Кнутссон стоял и смотрел ей вслед, на ее танцующие на ветру волосы.
Какая девочка… Самая красивая из всех! Эти округлые детские формы! Эти невинные, доверчивые глаза! Ребенок, сущий ребенок! Мягкая, полненькая, теплая… Чего стоит одно только прикосновение к ней, не говоря уже о…
Он уже мысленно запускал руки ей под одежду. Что там у нее под этим нарядным платьицем? Ощупать ее, проникнуть в нее! Она закричит. Ах, эти захватывающие крики, будящие в нем неуемную страсть! Ах, неповторимое мгновенье!
Под штанами у него все вспучивалось и приходило в движение, так что ему пришлось сесть и плотно прижать ладони к бедрам. Он громко застонал. Он так долго терпел, слишком долго, и он не мог больше выносить этого. Но ему следовало быть осторожным. Хорошая идея — организовывать повсюду детские хоры. Все дети на виду, можно выбрать…
Он был совершенно уверен в том, что никто ни в чем его не подозревает. Напротив, все относились к нему с симпатией. Тем не менее, ему следовало быть осторожным.
И все-таки он слишком долго ждал! Чего они, собственно, хотят от него?
Они сами виноваты в этом — это их, их вина…
Он вернулся домой к своей жене в Вехьо. На лице ее, как всегда, была написана растерянность, словно она просила в чем-то извинить ее, не понимая, почему он отталкивает ее. Да, он давно уже держался от нее в стороне. С того самого времени, как оказался не в состоянии выполнять свой супружеский долг.
Его притихшая было ярость вспыхнула с новой силой. Как смеет она думать о нем, что у нее есть, чтобы предложить ему? Она, со своим иссохшим, взрослым телом и постоянной готовностью… Однажды, когда они жили еще в Эксьо, он пошел в город по какому-то адресу и в подворотне наткнулся на маленькую девочку — и тогда ему показалось, будто молния ударила в него.
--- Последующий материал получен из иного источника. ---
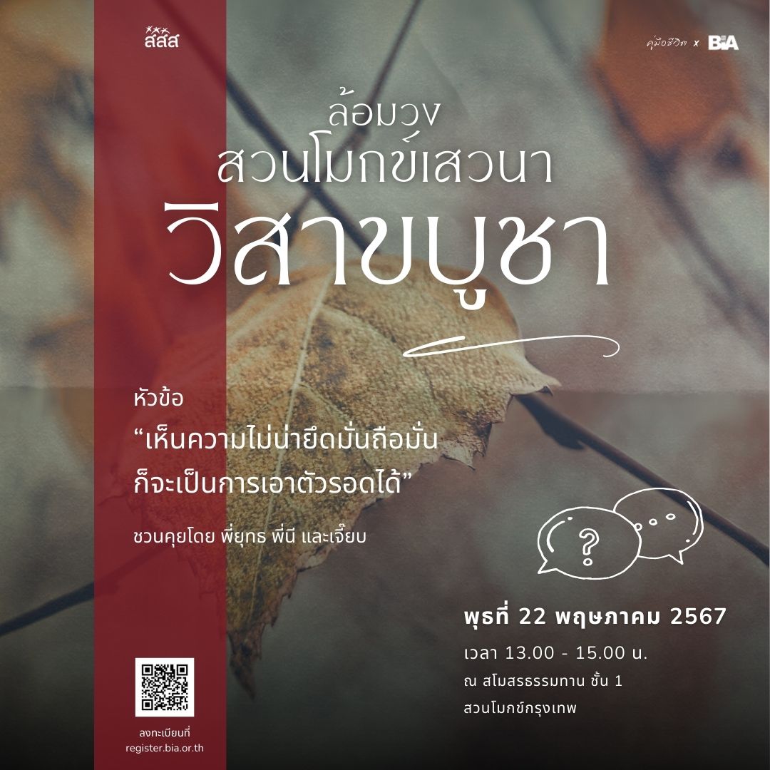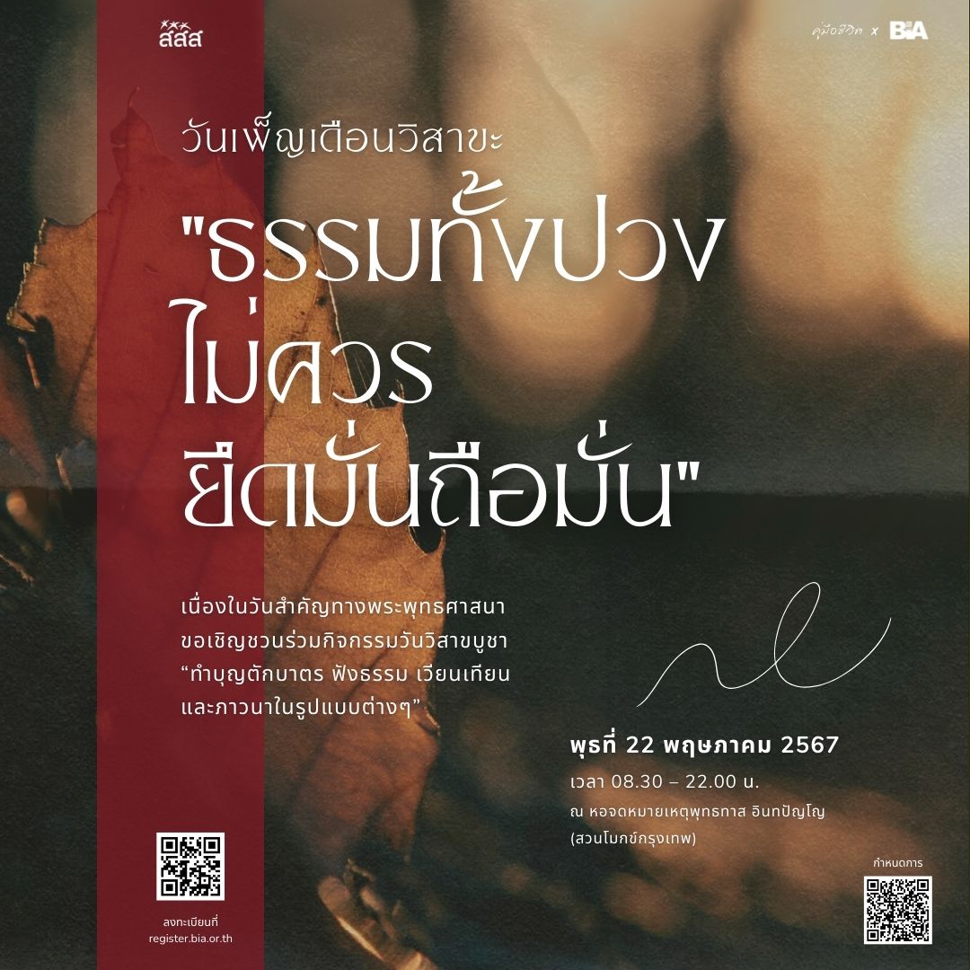 วันเพ็ญเดือนวิสาขะ “ธรรมทั้งปวง ไม่ควรยึดมั่นถือมั่น” เนื่องในวันวิสาขบูชาปี 2567 ชวนร่วมงานทำบุญตักบาตร ฟังธรรม เวียนเทียนในสวน และภาวนาในรูปแบบต่างๆ ที่สวนโมกข์กรุงเทพ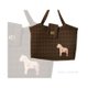 使用夏季毛料来制作包包,就是夏季西服的布料;摸起来的触感很顺滑舒服,有种高级精品的氛围出现了。由于布料较软,就采用很硬挺的衬来制作;也是这个缘故,镶嵌上去的小木马就更加的凹陷立体起来。内里则是使用轻软铺棉布制作。内敛的花色加点亮点,就不会太过严肃;也让这包包更适合各种场合。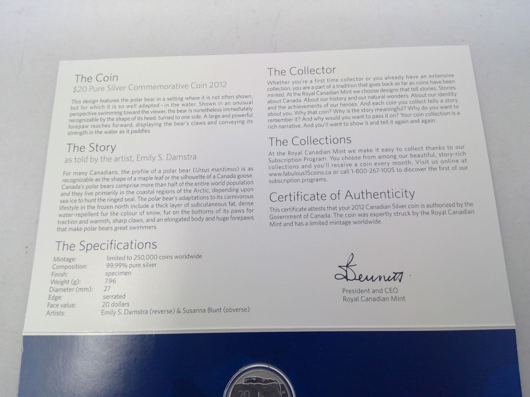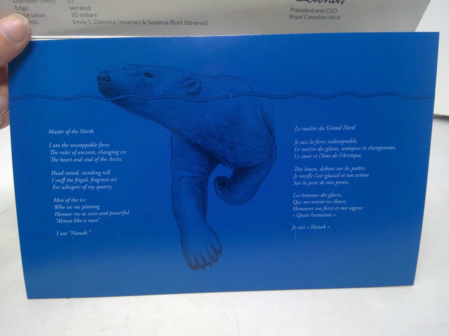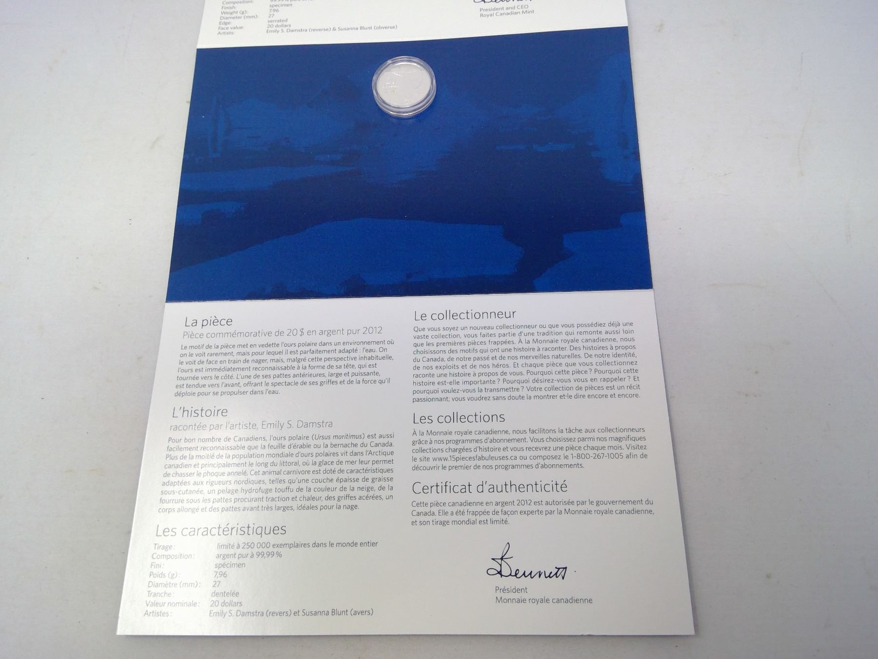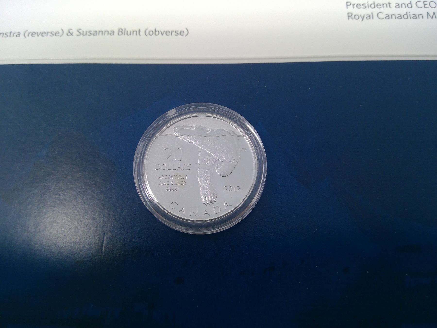 2012 - $20.00 PURE SILVER COMMERMORATIVE POLAR BEAR COIN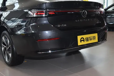不过我挺喜欢它的侧面线条,腰线和车门下方那条斜向贯穿的筋线设计,让整车看起来很有动感。隐藏式门把手和全新样式的轮毂设计也很加分,细节里透着时尚感。这种设计不仅让车身更流畅,还显得年轻、精神不少。总体来说,从外观来看,速腾L是在努力跳脱传统紧凑级轿车的框架,想打造成更年轻化、更有活力的家用车。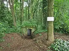 Un dolmen haut de 2 mètres, composé de 5 pierres verticales supportant une table de 5 pieds de longueur sur 4 de largeur, situé au sud de la route d'Hennebont à Vannes, est signalé en 1863[21].

Его кожа покрылась мурашками, под штанами у него стало мокро, он неотрывно смотрел на девочку, понимая, что ему нужно овладеть ею.
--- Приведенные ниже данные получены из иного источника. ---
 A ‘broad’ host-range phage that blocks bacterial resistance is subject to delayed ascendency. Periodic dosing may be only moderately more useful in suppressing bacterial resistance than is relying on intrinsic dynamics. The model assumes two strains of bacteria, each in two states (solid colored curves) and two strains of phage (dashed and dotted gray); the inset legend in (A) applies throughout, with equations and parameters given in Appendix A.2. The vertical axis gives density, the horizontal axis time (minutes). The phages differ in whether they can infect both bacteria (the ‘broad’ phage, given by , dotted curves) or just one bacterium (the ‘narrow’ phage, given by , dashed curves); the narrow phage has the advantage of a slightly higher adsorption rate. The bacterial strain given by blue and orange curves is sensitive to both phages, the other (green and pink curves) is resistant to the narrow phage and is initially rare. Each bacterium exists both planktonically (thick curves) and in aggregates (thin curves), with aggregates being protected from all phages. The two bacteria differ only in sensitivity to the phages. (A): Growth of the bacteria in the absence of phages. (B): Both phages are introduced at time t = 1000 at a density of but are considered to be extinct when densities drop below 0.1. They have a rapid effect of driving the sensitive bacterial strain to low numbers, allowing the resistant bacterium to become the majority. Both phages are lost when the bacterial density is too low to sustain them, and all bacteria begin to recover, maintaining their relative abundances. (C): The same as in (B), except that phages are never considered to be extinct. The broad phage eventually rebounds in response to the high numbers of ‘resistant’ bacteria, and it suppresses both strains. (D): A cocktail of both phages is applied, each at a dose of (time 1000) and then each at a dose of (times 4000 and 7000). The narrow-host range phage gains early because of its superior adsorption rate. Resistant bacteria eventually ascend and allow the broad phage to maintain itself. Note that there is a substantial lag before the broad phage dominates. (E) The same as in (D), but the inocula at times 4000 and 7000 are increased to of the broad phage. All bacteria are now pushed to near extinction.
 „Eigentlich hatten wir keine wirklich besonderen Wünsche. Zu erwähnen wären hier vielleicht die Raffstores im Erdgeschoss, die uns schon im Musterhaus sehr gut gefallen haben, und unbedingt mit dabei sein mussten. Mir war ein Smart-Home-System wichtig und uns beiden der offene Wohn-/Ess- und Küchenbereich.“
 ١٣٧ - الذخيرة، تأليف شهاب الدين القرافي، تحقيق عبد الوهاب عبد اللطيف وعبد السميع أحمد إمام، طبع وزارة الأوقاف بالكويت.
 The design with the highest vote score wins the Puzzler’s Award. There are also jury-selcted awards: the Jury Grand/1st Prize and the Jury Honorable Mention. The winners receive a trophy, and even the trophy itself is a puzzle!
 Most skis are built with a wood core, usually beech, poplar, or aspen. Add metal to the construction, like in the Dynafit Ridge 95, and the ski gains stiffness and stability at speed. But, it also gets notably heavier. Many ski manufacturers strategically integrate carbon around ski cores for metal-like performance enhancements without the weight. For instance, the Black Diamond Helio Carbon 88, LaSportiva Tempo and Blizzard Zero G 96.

Вернувшись домой к жене, он понял, почему в постели с ней он просто с безразличием выполнял свой супружеский долг. Она была молодой и богатой вдовой, имевшей четверых детей, и ему казалось, что он сделал хорошую партию, завоевав к тому же уважение окружающих. Влюблен в нее он никогда по-настоящему не был, хотя она и казалась ему довольно привлекательной.
Но не теперь!
Теперь его интересовала только маленькая девочка.
Каждый день он шпионил за ней. Узнал, где она живет. И однажды, когда их никто не видел, он заманил ее в один из подвалов, который он до этого присмотрел.
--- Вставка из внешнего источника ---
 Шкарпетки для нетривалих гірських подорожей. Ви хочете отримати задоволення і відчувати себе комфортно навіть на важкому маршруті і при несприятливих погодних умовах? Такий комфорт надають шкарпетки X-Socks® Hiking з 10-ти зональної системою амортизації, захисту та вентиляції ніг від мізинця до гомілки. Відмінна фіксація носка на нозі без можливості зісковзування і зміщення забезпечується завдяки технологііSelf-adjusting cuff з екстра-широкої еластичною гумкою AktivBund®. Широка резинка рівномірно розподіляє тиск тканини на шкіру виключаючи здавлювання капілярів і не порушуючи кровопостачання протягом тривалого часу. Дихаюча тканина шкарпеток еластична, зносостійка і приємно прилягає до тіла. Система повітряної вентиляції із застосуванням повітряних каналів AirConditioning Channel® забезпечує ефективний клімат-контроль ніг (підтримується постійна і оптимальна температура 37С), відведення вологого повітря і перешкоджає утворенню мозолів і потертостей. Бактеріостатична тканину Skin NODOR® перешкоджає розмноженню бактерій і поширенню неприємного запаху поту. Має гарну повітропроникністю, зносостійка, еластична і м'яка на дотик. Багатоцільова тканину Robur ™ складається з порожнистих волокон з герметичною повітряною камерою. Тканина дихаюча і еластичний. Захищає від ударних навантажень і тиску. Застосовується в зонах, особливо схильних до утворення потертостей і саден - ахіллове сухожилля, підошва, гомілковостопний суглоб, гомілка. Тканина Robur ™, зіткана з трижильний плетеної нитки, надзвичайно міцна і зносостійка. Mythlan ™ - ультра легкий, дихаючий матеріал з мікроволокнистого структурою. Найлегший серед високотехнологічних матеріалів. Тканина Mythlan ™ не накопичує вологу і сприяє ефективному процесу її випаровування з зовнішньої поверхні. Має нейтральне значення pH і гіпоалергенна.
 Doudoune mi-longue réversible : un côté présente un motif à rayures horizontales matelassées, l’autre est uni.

Он испытал фантастические переживания. Все в нем ликовало! Настоящий рай на земле! Девочку нашли через два дня, но никто не заподозрил его.
После этого они переехали в Вехьо. Он разрешил своей жене записать детей на его имя, и она со слезами благодарила его за это.
Мог ли теперь кто-то подозревать, что именно он польстился на свою приемную шестилетнюю дочь? Для него не составило никакого труда овладеть ею во время прогулки. Он повел ее в парк… После этого он поспешил домой и сказал жене, что не мешало бы им поискать девочку, которая все еще гуляет где-то. Жена, разумеется, согласилась.
Они встретили двух полицейских. Те, даже не подозревая, что это их дочь, с сожалением рассказали, что нашли в парке девочку.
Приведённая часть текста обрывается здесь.